Tes seins qui gonflent et les nausées matinales, on te les avait annoncés. Mais ce goût métallique permanent dans la bouche, cette salive qui te noie la nuit, ces rêves où tu accouches d’un grille-pain ? Là, personne n’avait prévenu. La grossesse, c’est aussi un cortège de symptômes bizarres que la plupart des femmes taisent par gêne.
Ta nouvelle vie de rhinocéros : la rhinite de grossesse
Un matin, tu te réveilles avec le nez complètement bouché et l’impression d’avoir dormi la bouche ouverte pendant des heures. Tu ne couves pas un rhume : tes hormones gonflent tes muqueuses nasales. Cette rhinite gravidique touche environ une femme enceinte sur cinq, et elle peut durer des semaines, voire tout le troisième trimestre.
Résultat : ronflements inédits, goutte au nez permanente, saignements spontanés parce que les petits vaisseaux du nez sont dilatés et fragilisés. Si ton moindre mouchage ressemble à une scène de film d’horreur, respire : c’est désagréable, mais sans danger pour le bébé.
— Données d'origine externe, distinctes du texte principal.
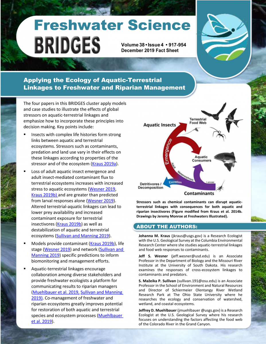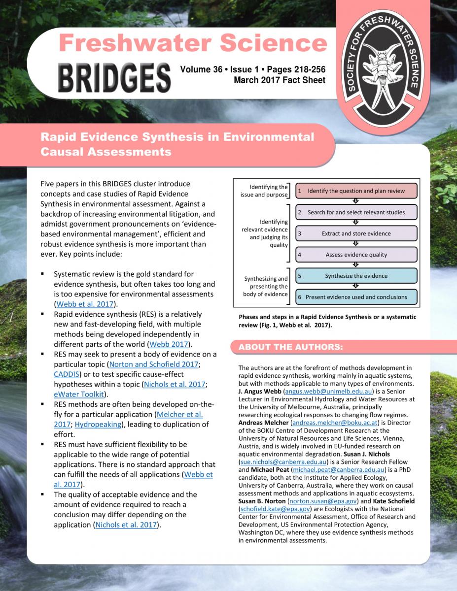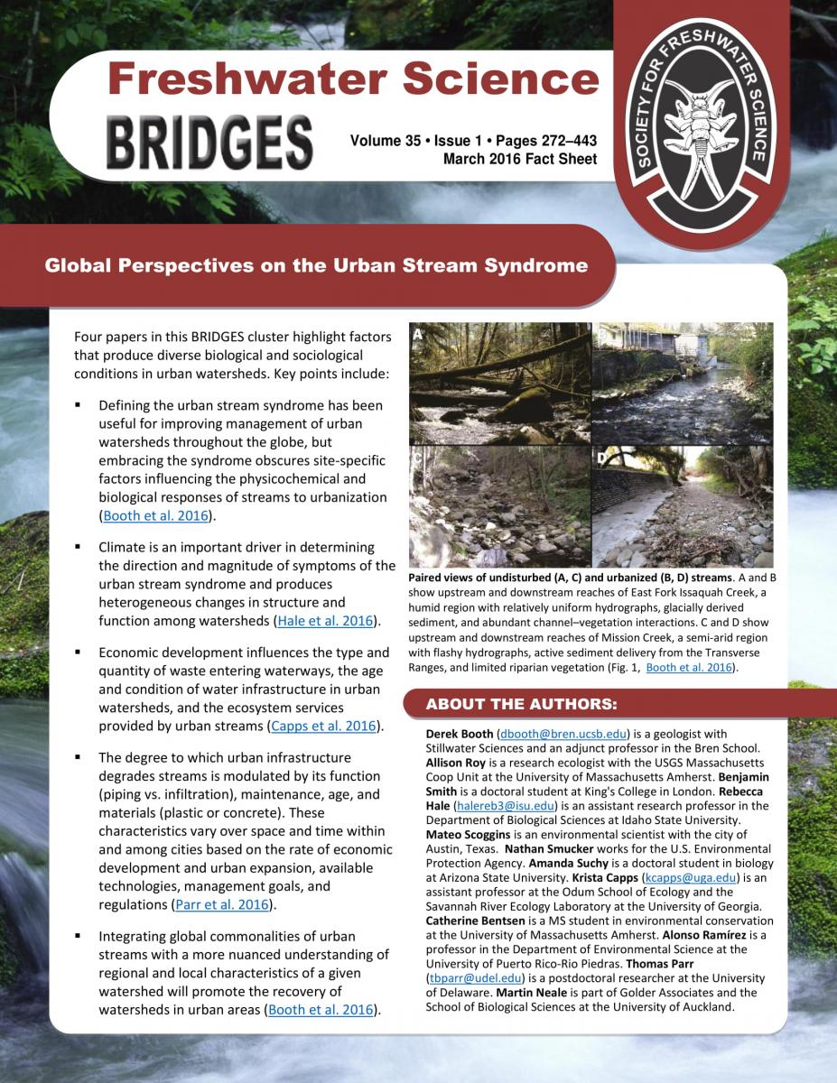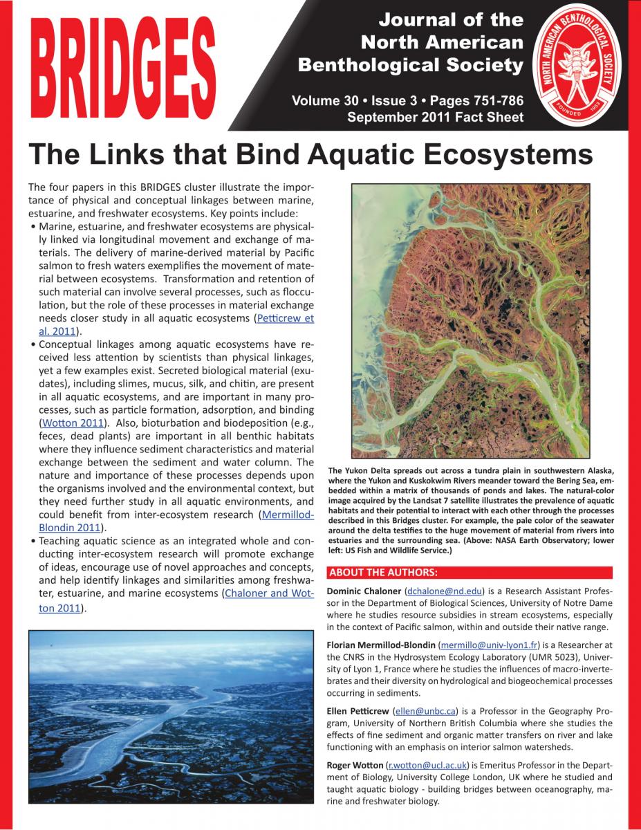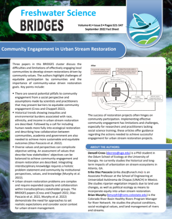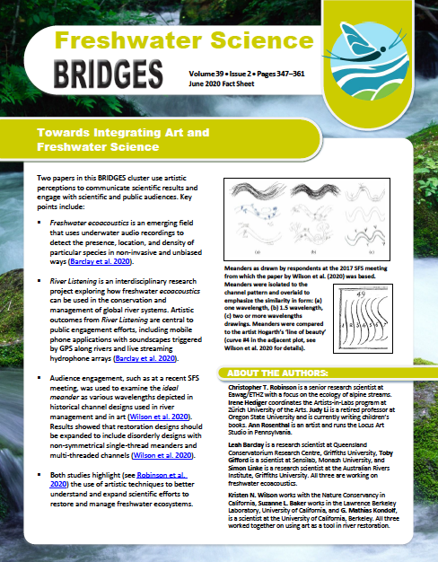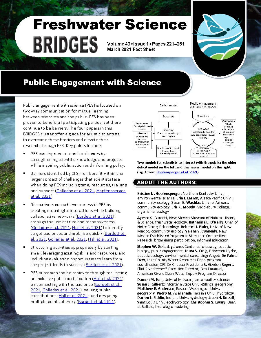 Freshwater Science BRIDGES issues are published about once a year and are comprised of a cluster of short articles offering different perspectives within a topic area. BRIDGES fact sheets highlight the main points of each BRIDGES cluster using non-technical language to aid in the accessibility of BRIDGES issues.

Ce qui aide vraiment : du sérum physiologique ou un spray à l’eau de mer, matin et soir, pour dégager sans médicament. La nuit, un humidificateur d’air dans la chambre réduit la sécheresse qui aggrave les saignements. Dors le buste un peu surélevé avec un coussin d’allaitement : ça limite la congestion. Les décongestionnants vasoconstricteurs sont déconseillés pendant la grossesse, donc on les évite. Si le nez te gratte, un peu de vaseline en pommade sur les ailes du nez peut soulager l’irritation.
Et pour le ronflement ? Préviens ton partenaire que c’est hormonal, pas un manque de volonté. Des bandelettes nasales vendues en pharmacie écartent légèrement les narines et facilitent la respiration nocturne. Ce n’est pas glamour, mais quand on dort mieux, on pardonne beaucoup.
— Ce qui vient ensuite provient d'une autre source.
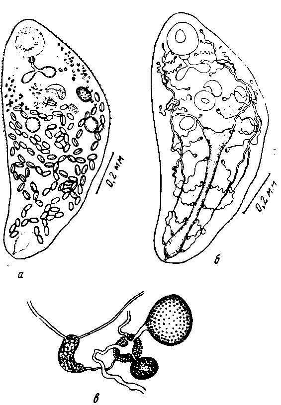 a — марита; б — экскреторная система; в — комплекс женских половых органов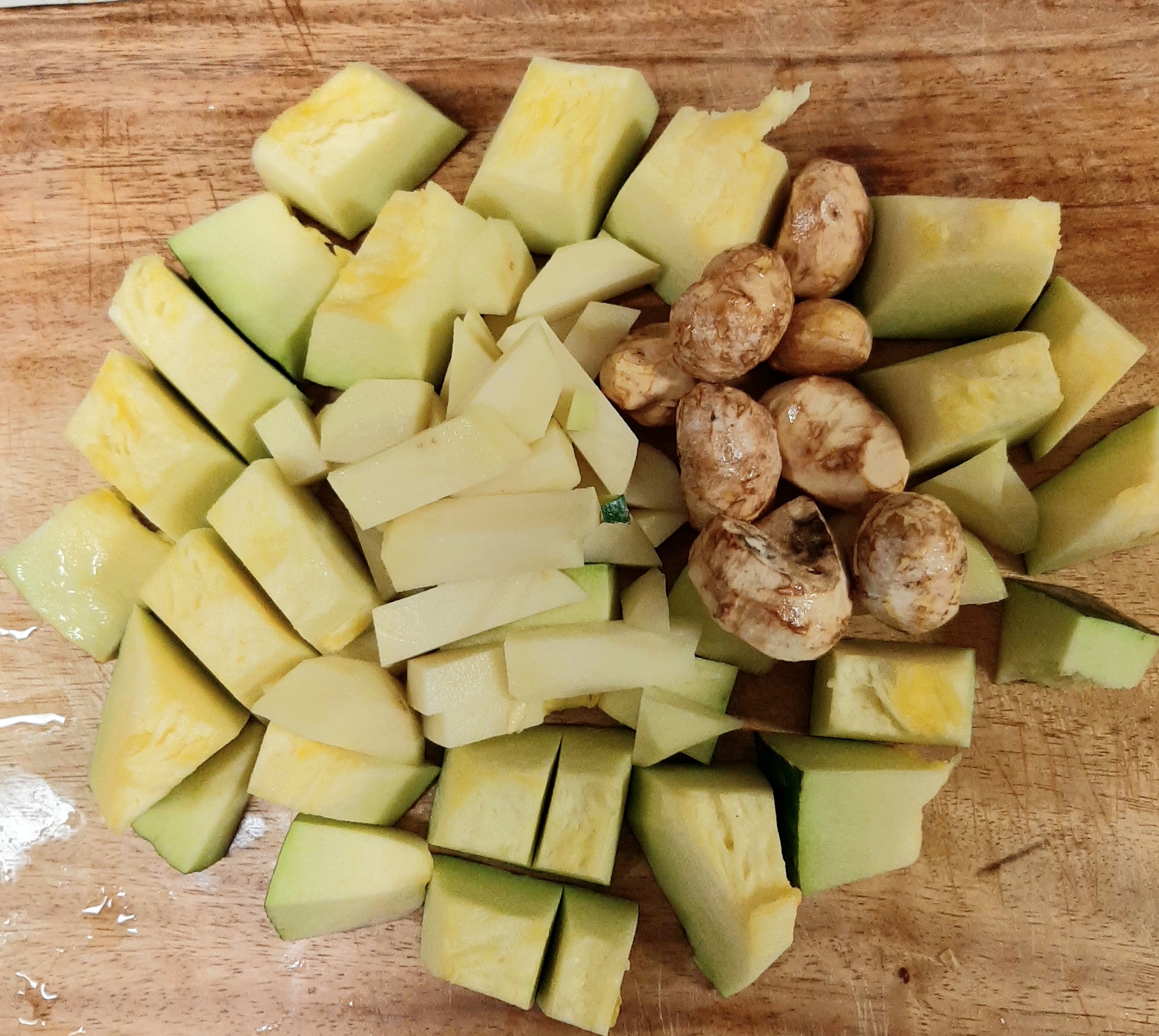 간단하게 사용한 레시피는 닭다리 하나, 감자,청호박,밤속살,간마늘,생강술,히말라야소금

Ce goût de fer dans la bouche, c’est la dysgueusie
Tu croques un abricot et tu as l’impression de mâcher une pièce de monnaie. L’eau du robinet prend un arrière-goût de rouille. Bienvenue dans la dysgueusie de grossesse, ce trouble du goût qui donne un air de casserole métallique à tout ce que tu manges, surtout au premier trimestre.
Les coupables, ce sont les œstrogènes et la progestérone. Elles modifient la perception gustative et ralentissent la digestion, ce qui laisse remonter des sucs gastriques jusqu’à la bouche. On se retrouve avec une sensation de fer-blanc en permanence, y compris entre les repas.
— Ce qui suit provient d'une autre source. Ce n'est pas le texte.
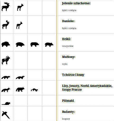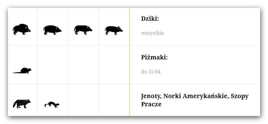 norki amerykańskie, jenoty i szopy pracze; borsuki, tchórze, kuny (leśne i domowe) na terenach obwodów łowieckich na których występuje cietrzew lub głuszec; lisy na terenach obwodów łowieckich, w których występuje głuszec lub cietrzew lub prowadzono w ostatnich 2 latach kalendarzowych zasiedlenia zająca, bażanta lub kuropatwy - przez cały rok; piżmaki na terenach rybackich obrębów hodowlanych; dziki - odyńce, wycinki, przelatki oraz warchlaki, przy czym za warchlaki uznaje się dziki od dnia urodzenia do dnia 31 marca następnego roku kalendarzowego. Inne miesiące kliknij>>>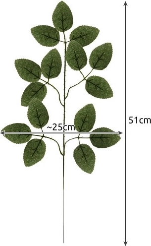 Tilfør frisk grønhed i indretningen uden besvær. Dette sæt indeholder 12 realistiske kviste med rosenblade i størrelsen 51 × 25 cm, lavet af holdbare materialer. Takket være den indvendige tråd i hovedstilk kan de nemt formes til arrangementer. Ideelle til vaser, guirlander og sæsondekorationer. Vedligeholdelsesfri, naturtro udseende, lang levetid.
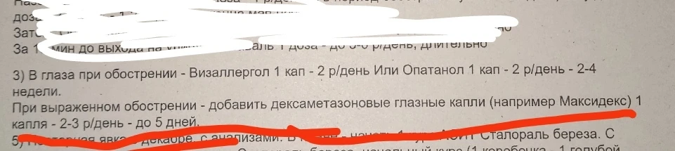 А в 2023 году, еще до АСИТ тоже сильно глаза краснели, аллерголог дала такие рекомендации: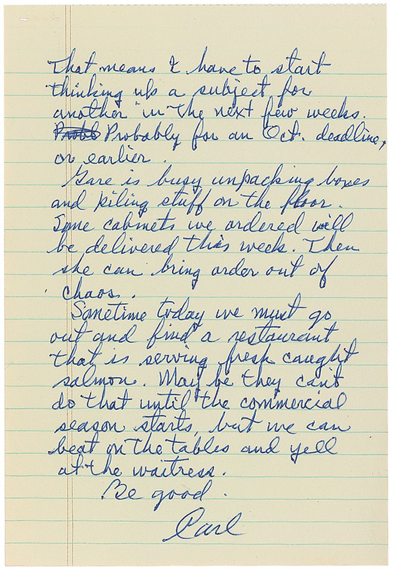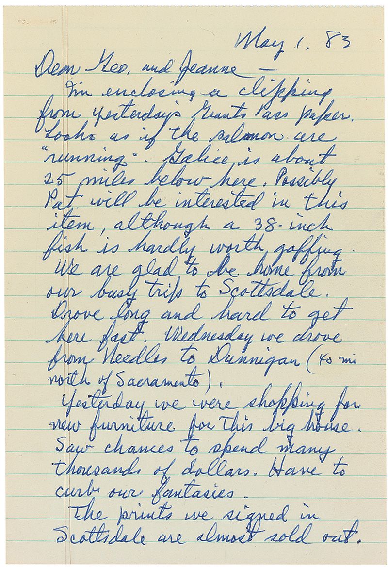 Legendary Disney artist (1901–2000) known as the ‘Duck Man’ for inventing ‘Duckberg,’ the home of Donald Duck, Scrooge McDuck, Huey, Dewey, Louie, and Daisy Duck. ALS signed “Carl,” two lined pages, 5 x 7.25, May 1, 1983. A letter to some friends about travel and his new house. In parts: “I’m enclosing a clipping from yesterday’s Grant Pass paper. Looks as if the salmon are ‘running.’…Yesterday we went shopping for new furniture for this big house. Saw chances to spend many thousands of dollars. Have to curb our fantasies…Gare is busy unpacking boxes and piling stuff on the floor. Some cabinet we ordered will be delivered this week. Then she can bring order out of chaos. Sometime we must go out and find a restaurant serving fresh caught salmon. Maybe they can’t do that until the commercial season starts, but we can beat on the tables and yell at the waitress.” In fine condition, with a few light creases and staple holes to the upper left corner.

En attendant que ça passe, et ça passe presque toujours au deuxième trimestre, quelques astuces pratiques changent le quotidien. Les aliments acides ou marinés (citron pressé, cornichons, ketchup) masquent le goût métallique en stimulant la salivation. Mâche un chewing-gum sans sucre à la menthe ou rince-toi la bouche avec de l’eau et du bicarbonate de soude après manger. Passe au brossage de dents avec un dentifrice au goût neutre, à base d’argile ou de bicarbonate, si ton dentifrice mentholé te semble amplificateur. Évite le café et le thé chauds qui renforcent la sensation. Et bois beaucoup d’eau fraîche dans une gourde en inox : exit le plastique, qui ne réconcilie pas avec le goût de métal.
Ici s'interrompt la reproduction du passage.